Price Figure 2 shows a sample project’s fixed price compared to its front-loaded price equivalent. The front-loaded price is higher in the first ten years when debt service payments on the equipment are high, then falls in year eleven when the loan is paid off.

Figure 3 shows the resulting net cash of the project described in figure 2 using the (problematic) fixed price scenario compared to the (desirable) front-loaded price scenario. In the fixed price scenario, the net cash curve gets dangerously close to zero in the early years (just before the 10-year debt is paid off). Net Cash Multiple years of net cash "famine" awaiting the net cash "feast" in the out years poses a competitive challenge for community projects, which are unable to easily manipulate the necessary cash flow. In the front-loaded price scenario, however, the variable price based on NPV rate allows the net cash to be completely levelized. The upward slope in the net cash curve reflects the increase in dollar value over time required to ensure a constant present value dollar amount.

Conclusion. The combination of NPV rate and front-loading ensures financial efficiency in order to allow C-BED projects to succeed for both the C-BED owners and the utilities with which the C-BED owners negotiate. Please refer to the C-BED Calculator for the mathematical details behind the C-BED front-loaded pricing model.

Setting the Discount Rate. Establishment of appropriate discount rates for C-BED projects should be based on each individual utility's discount rate—the rate used by the utility in financing projects in its everyday business. For example, a utility that pays 7% interest for 20-year debt financing in the course of its ordinary business would be required to specify that same 7% rate to all C-BED developers as a basis for negotiations for projects. Another utility in the same jurisdiction that gets debt financing at 8% would be required to use that rate for all C-BED negotiations for the same electricity from the same C-BED project. Why treat different utilities differently? Because the relative discount rate each utility uses in the course of its everyday business accurately reflects the relative value of C-BED electricity compared to acquiring electricity elsewhere (for instance, if the utility were to build a new generation facility itself).

Setting the NPV Rate. NPV rates will vary on a per project basis. In a market-driven environment, the primary determinant of project viability is the difference between cost and price.

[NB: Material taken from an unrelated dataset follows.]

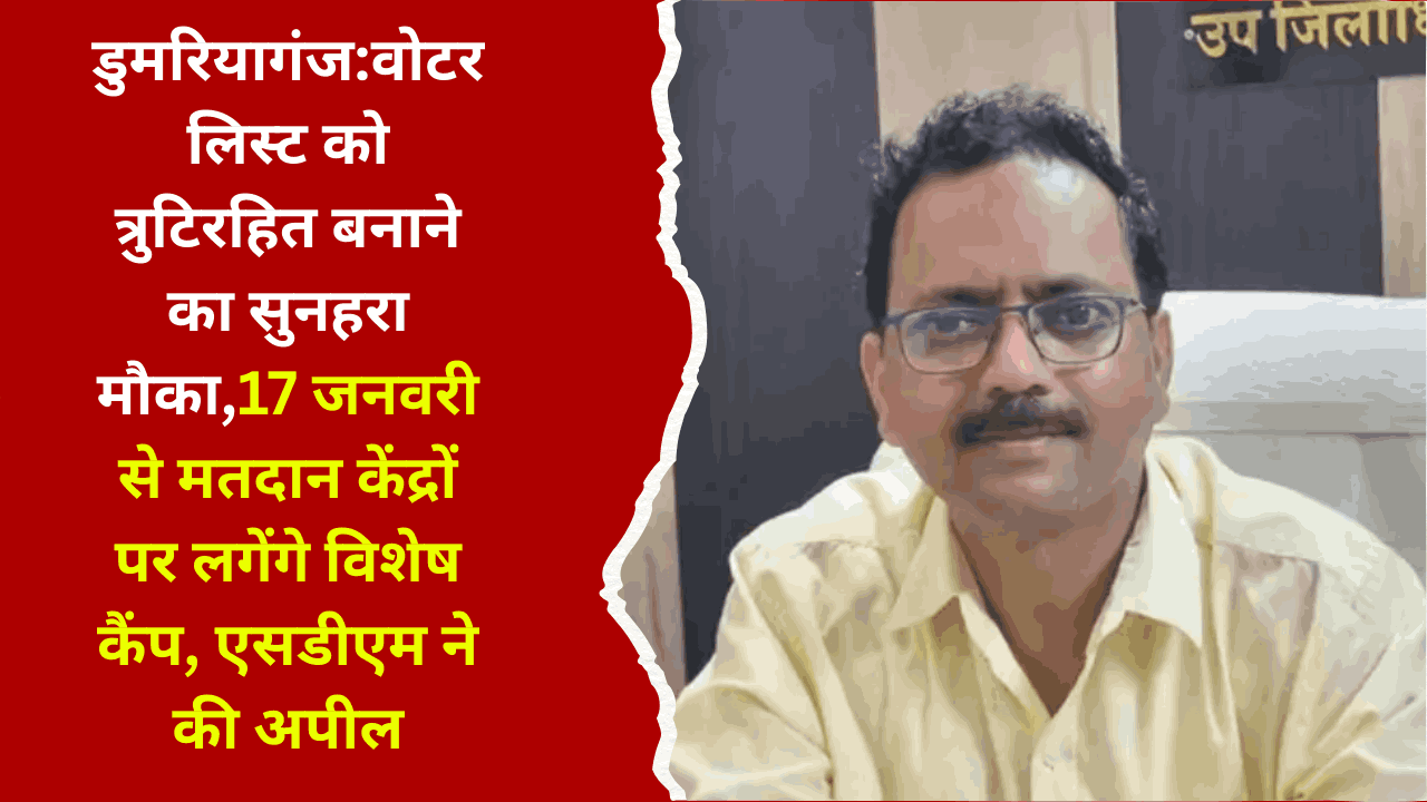 डुमरियागंज:वोटर लिस्ट को त्रुटिरहित बनाने का सुनहरा मौका,17 जनवरी से मतदान केंद्रों पर लगेंगे विशेष कैंप, एसडीएम ने की अपील January 16, 2026

The higher the NPV rate, the more financially viable the C-BED projects are, and the more expensive the electricity is to the purchasing utility. The lower the NPV rate, the less financially viable the C-BED projects are, and the less expensive the electricity is to the purchasing utility. For the C-BED owners, the established NPV rate must be sufficient to pay the debt for the large capital purchase along with operations and maintenance costs, with enough left over to make the project economically profitable. For the purchasing utility, the established NPV rate must be low enough to reasonably compete with other sources of electricity in the marketplace.

The establishment of a maximum NPV rate is a political decision. The original 2005 Minnesota state law specified that utilities must give consideration to C-BED projects as part of their mix of electricity sources. In return, a maximum NPV rate of $0.027/kWh was established in order to protect utilities from highly uneconomical projects being forced into the system. Now that Minnesota has had several years experience with C-BED and its NPV rate model approach, the fears of highly uneconomical projects being forced into the system have not materialized. Thus, the maximum NPV rate was removed from the C-BED statute in the 2007 legislative session.